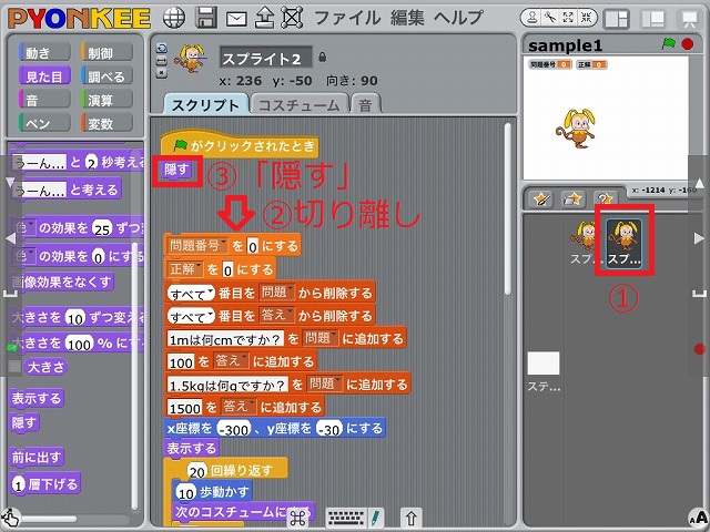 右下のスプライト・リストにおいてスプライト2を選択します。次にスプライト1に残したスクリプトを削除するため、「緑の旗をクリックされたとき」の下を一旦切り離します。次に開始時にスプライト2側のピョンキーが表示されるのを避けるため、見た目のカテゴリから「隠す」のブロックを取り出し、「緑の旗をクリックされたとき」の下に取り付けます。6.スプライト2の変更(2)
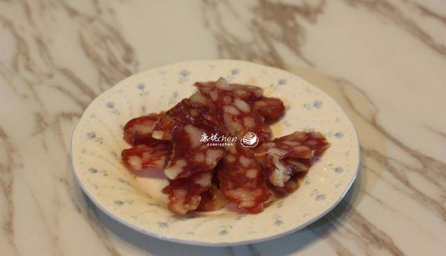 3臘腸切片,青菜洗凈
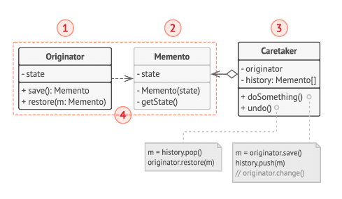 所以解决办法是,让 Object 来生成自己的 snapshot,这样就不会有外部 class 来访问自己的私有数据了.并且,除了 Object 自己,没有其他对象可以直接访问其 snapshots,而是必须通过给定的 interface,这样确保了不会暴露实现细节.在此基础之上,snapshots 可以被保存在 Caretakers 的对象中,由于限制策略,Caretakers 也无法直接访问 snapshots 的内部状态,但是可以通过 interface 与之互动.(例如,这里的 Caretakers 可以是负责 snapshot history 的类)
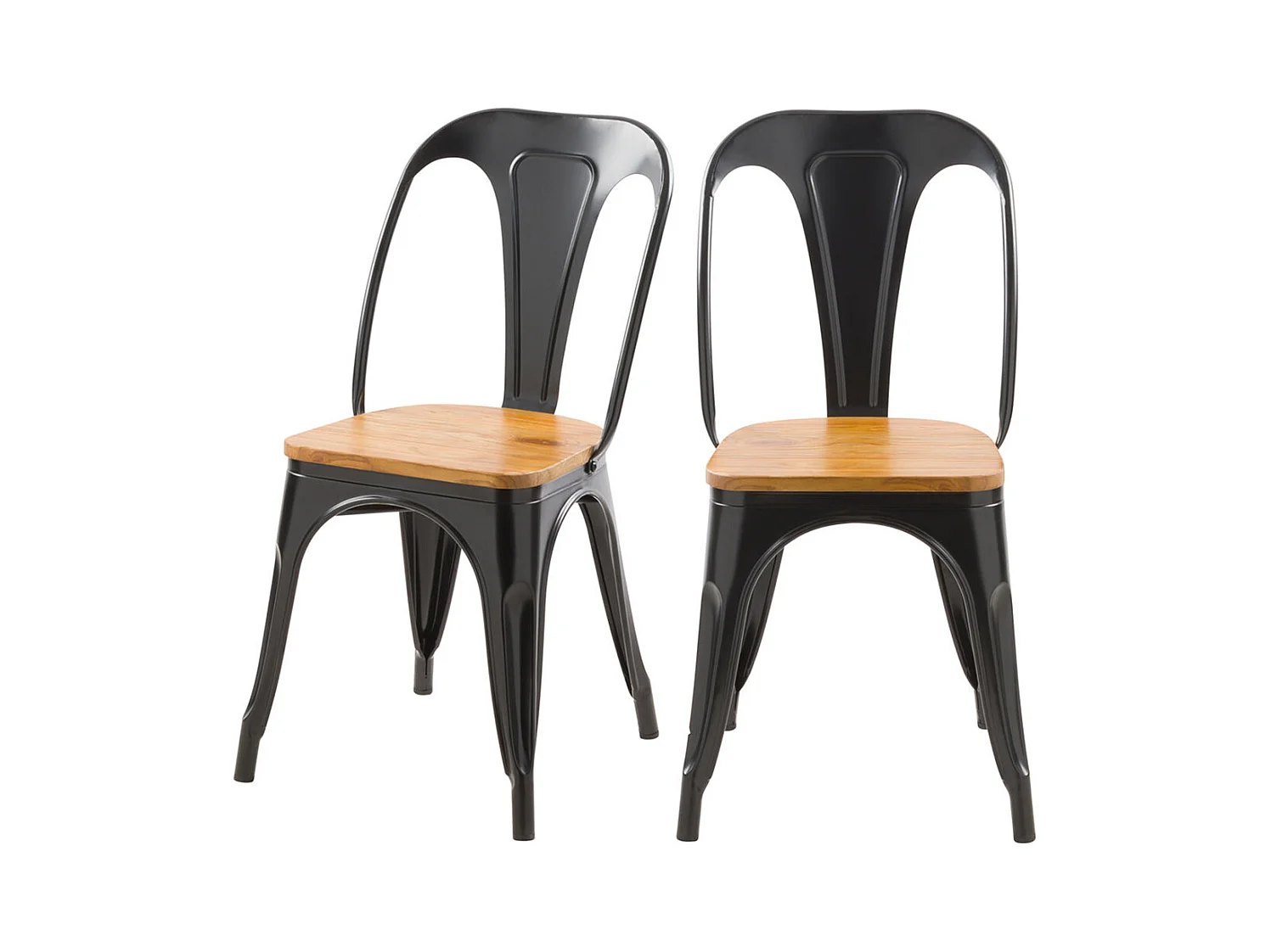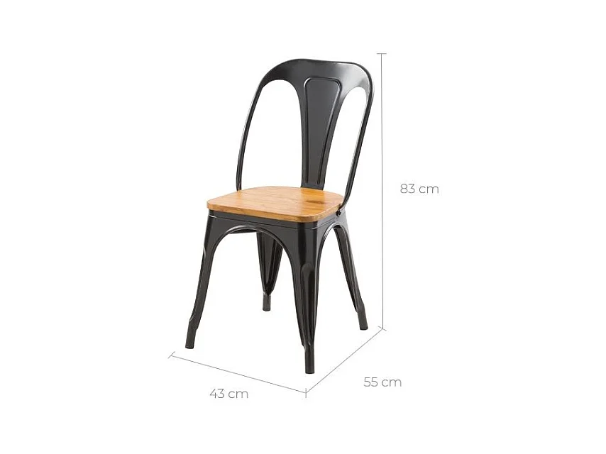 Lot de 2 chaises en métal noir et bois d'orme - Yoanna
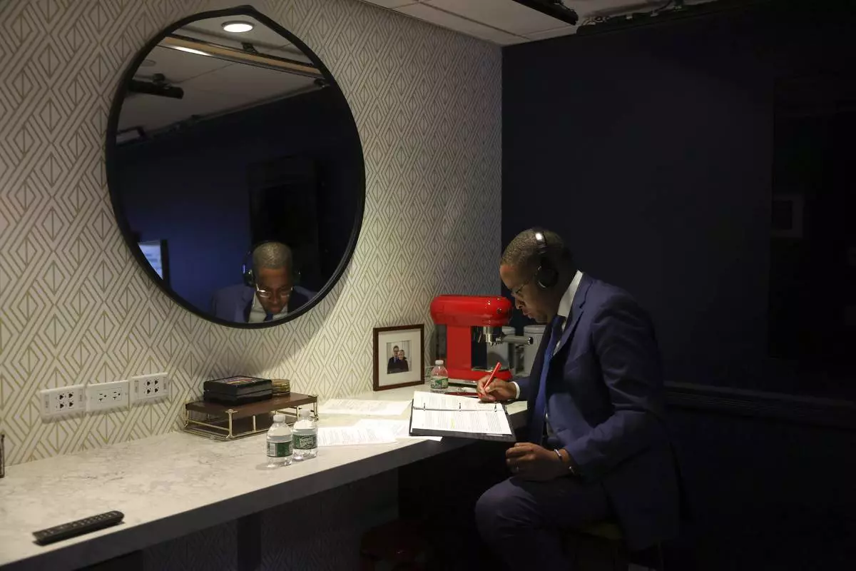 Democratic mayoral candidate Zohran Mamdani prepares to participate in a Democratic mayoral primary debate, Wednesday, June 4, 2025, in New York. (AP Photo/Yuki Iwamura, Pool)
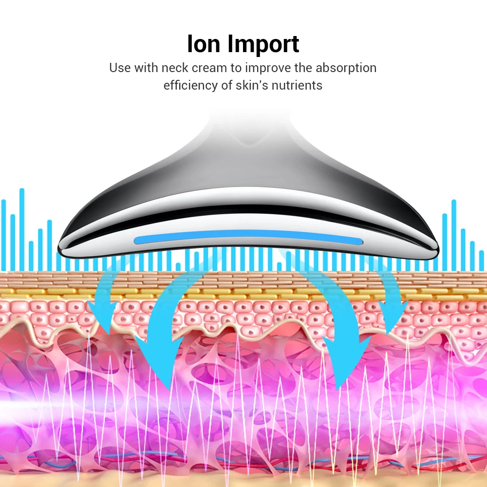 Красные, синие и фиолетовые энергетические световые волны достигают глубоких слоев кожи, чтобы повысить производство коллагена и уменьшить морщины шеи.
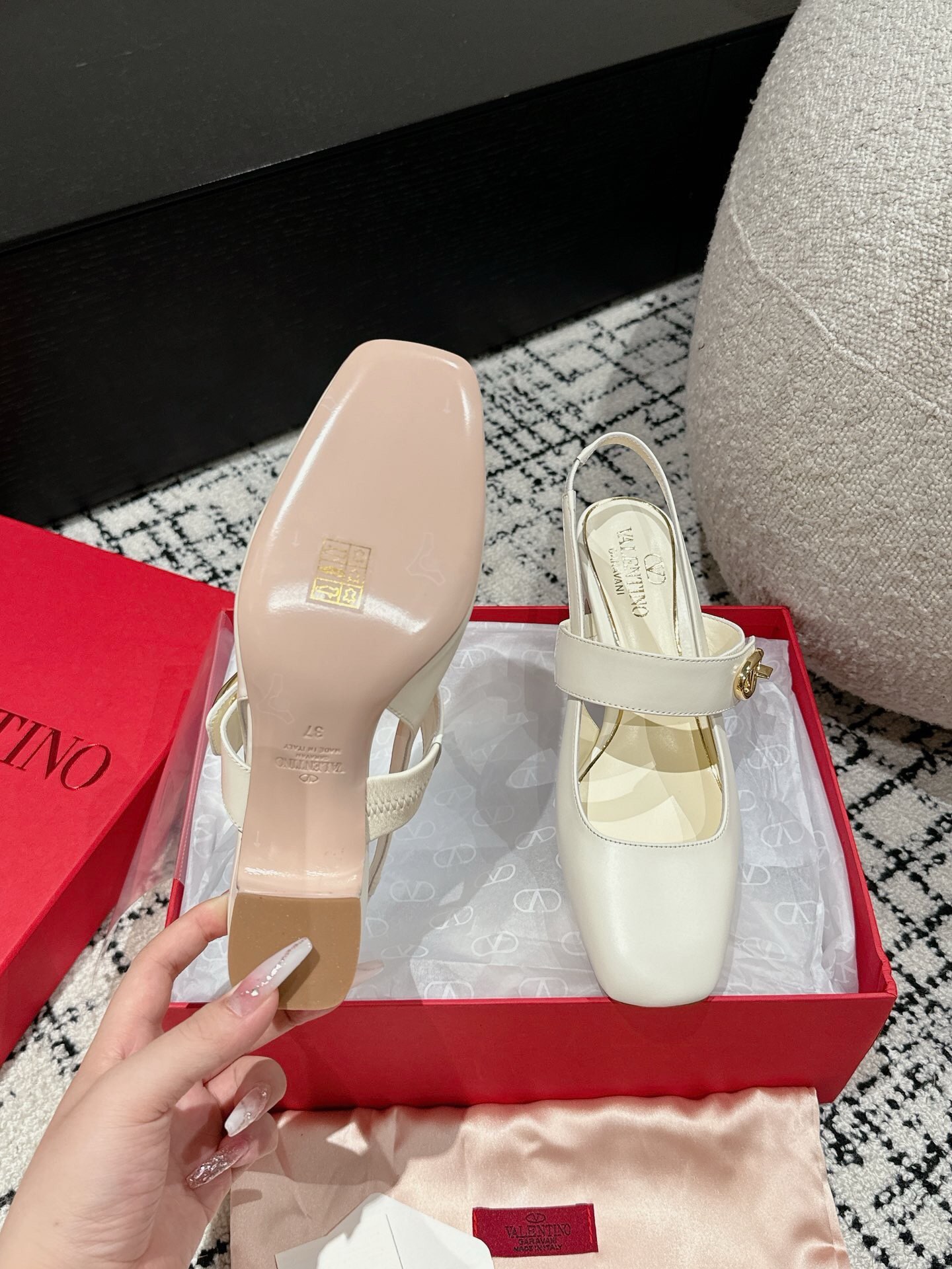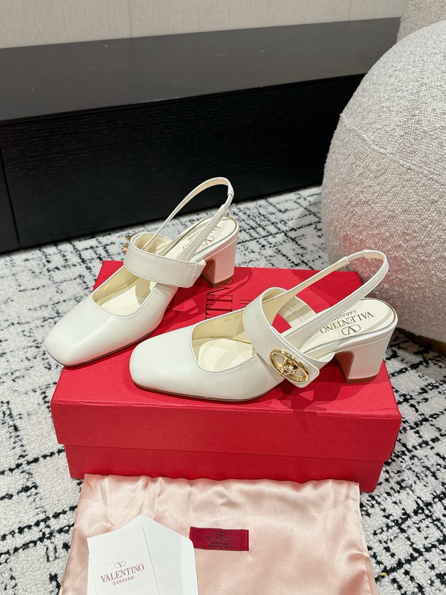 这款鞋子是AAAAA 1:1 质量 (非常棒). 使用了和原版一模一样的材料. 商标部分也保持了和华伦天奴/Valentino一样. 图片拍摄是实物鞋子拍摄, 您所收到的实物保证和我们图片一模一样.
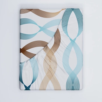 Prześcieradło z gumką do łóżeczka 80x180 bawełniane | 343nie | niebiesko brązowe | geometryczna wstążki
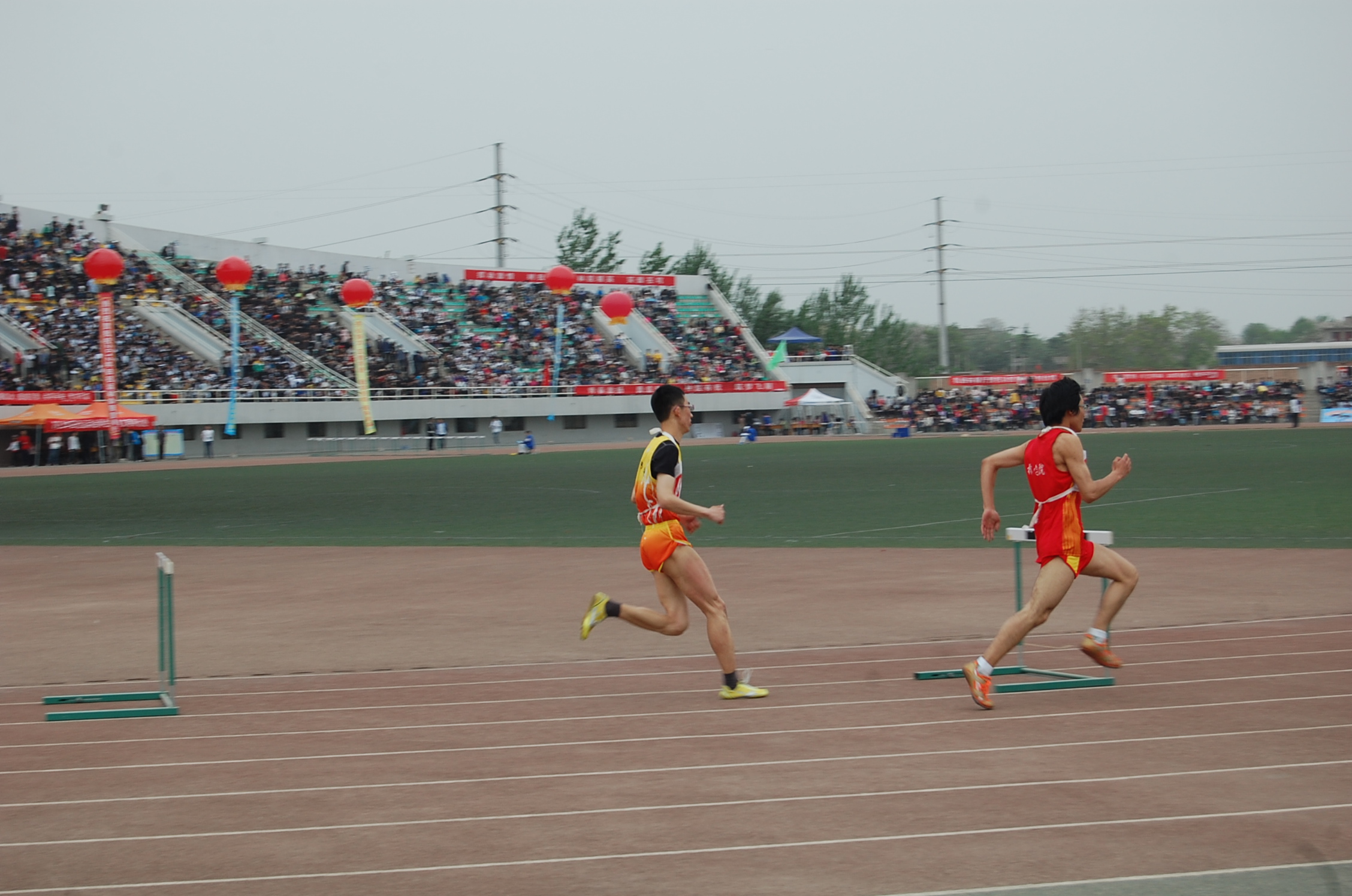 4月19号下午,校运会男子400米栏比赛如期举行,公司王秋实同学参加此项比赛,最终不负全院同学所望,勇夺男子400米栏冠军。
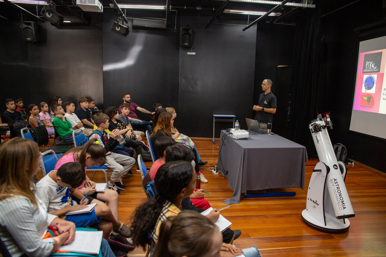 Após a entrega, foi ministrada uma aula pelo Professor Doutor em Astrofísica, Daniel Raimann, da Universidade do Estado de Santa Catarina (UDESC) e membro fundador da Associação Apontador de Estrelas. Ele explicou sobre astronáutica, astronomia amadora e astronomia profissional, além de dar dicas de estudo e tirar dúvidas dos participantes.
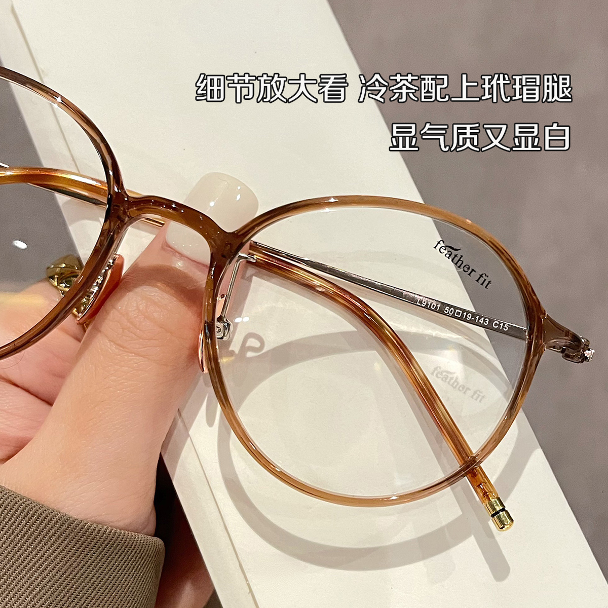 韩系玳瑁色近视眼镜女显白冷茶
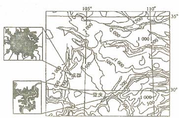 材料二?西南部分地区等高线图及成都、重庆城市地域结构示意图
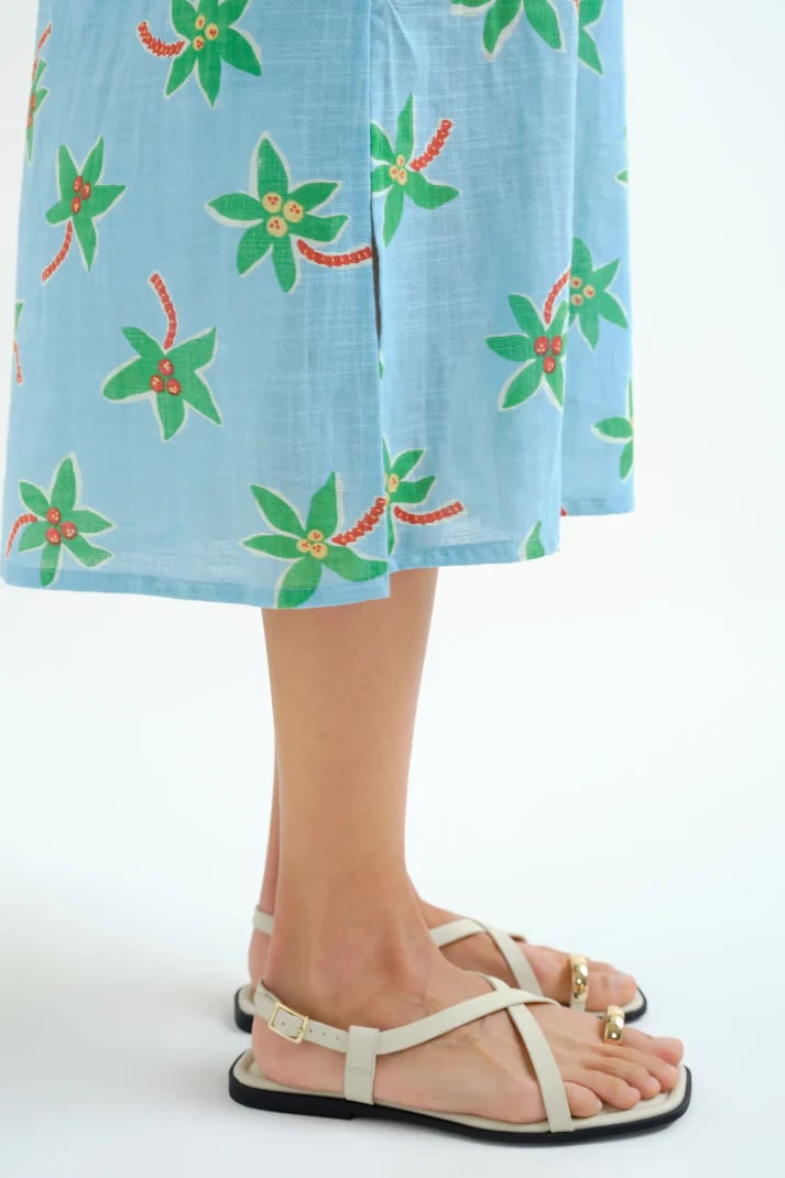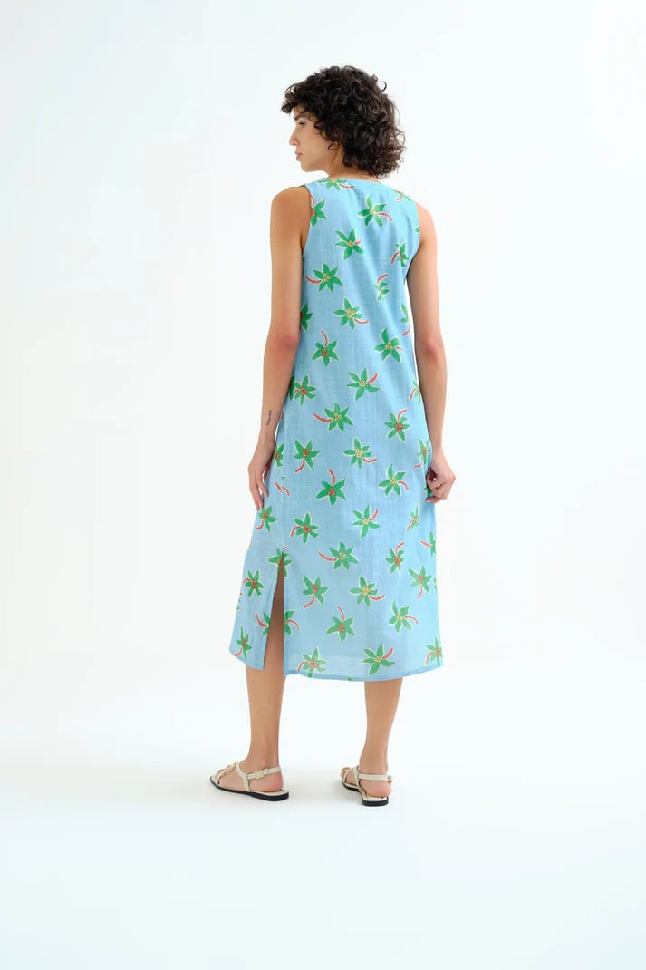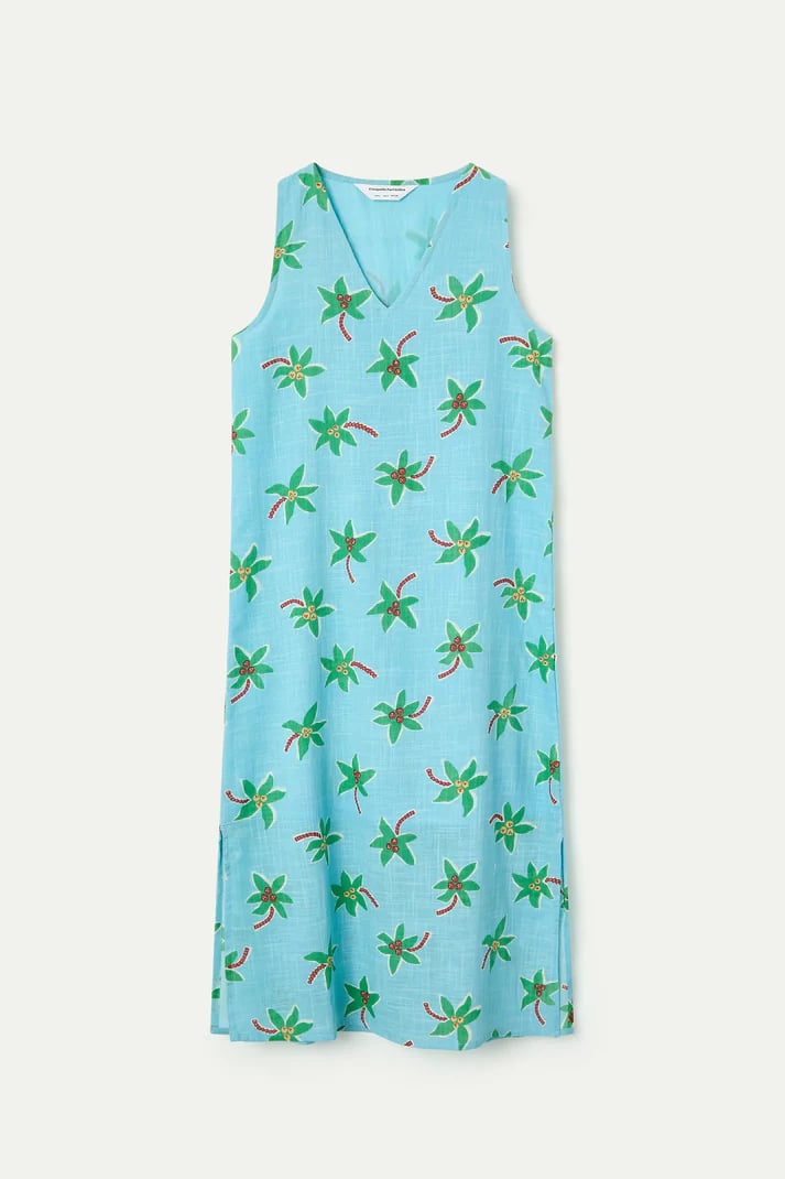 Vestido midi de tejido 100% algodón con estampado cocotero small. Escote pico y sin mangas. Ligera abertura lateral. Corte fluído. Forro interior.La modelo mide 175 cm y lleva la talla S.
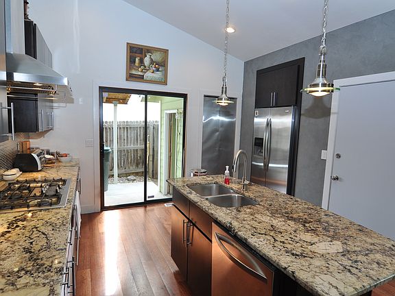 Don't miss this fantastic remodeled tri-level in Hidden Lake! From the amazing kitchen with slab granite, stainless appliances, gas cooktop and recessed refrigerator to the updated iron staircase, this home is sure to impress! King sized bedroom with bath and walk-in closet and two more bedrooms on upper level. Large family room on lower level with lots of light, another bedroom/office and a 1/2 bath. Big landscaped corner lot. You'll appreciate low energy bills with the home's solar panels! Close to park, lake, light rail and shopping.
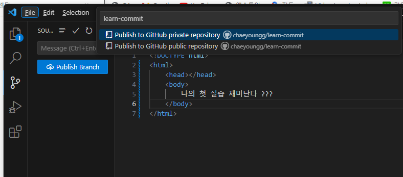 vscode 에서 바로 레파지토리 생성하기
== == ==
* ASSIGNMENT
Write out exactly the run of lines above that starts at the line containing "这款鞋子是AAAAA 1:1 质量" and ends at the line containing "Vestido midi de". Include both, and leave the pictures out.

* ANSWER TO THE PROBLEM
 这款鞋子是AAAAA 1:1 质量 (非常棒). 使用了和原版一模一样的材料. 商标部分也保持了和华伦天奴/Valentino一样. 图片拍摄是实物鞋子拍摄, 您所收到的实物保证和我们图片一模一样.
 Prześcieradło z gumką do łóżeczka 80x180 bawełniane | 343nie | niebiesko brązowe | geometryczna wstążki
 4月19号下午,校运会男子400米栏比赛如期举行,公司王秋实同学参加此项比赛,最终不负全院同学所望,勇夺男子400米栏冠军。
 Após a entrega, foi ministrada uma aula pelo Professor Doutor em Astrofísica, Daniel Raimann, da Universidade do Estado de Santa Catarina (UDESC) e membro fundador da Associação Apontador de Estrelas. Ele explicou sobre astronáutica, astronomia amadora e astronomia profissional, além de dar dicas de estudo e tirar dúvidas dos participantes.
 韩系玳瑁色近视眼镜女显白冷茶
 材料二?西南部分地区等高线图及成都、重庆城市地域结构示意图
 Vestido midi de tejido 100% algodón con estampado cocotero small. Escote pico y sin mangas. Ligera abertura lateral. Corte fluído. Forro interior.La modelo mide 175 cm y lleva la talla S.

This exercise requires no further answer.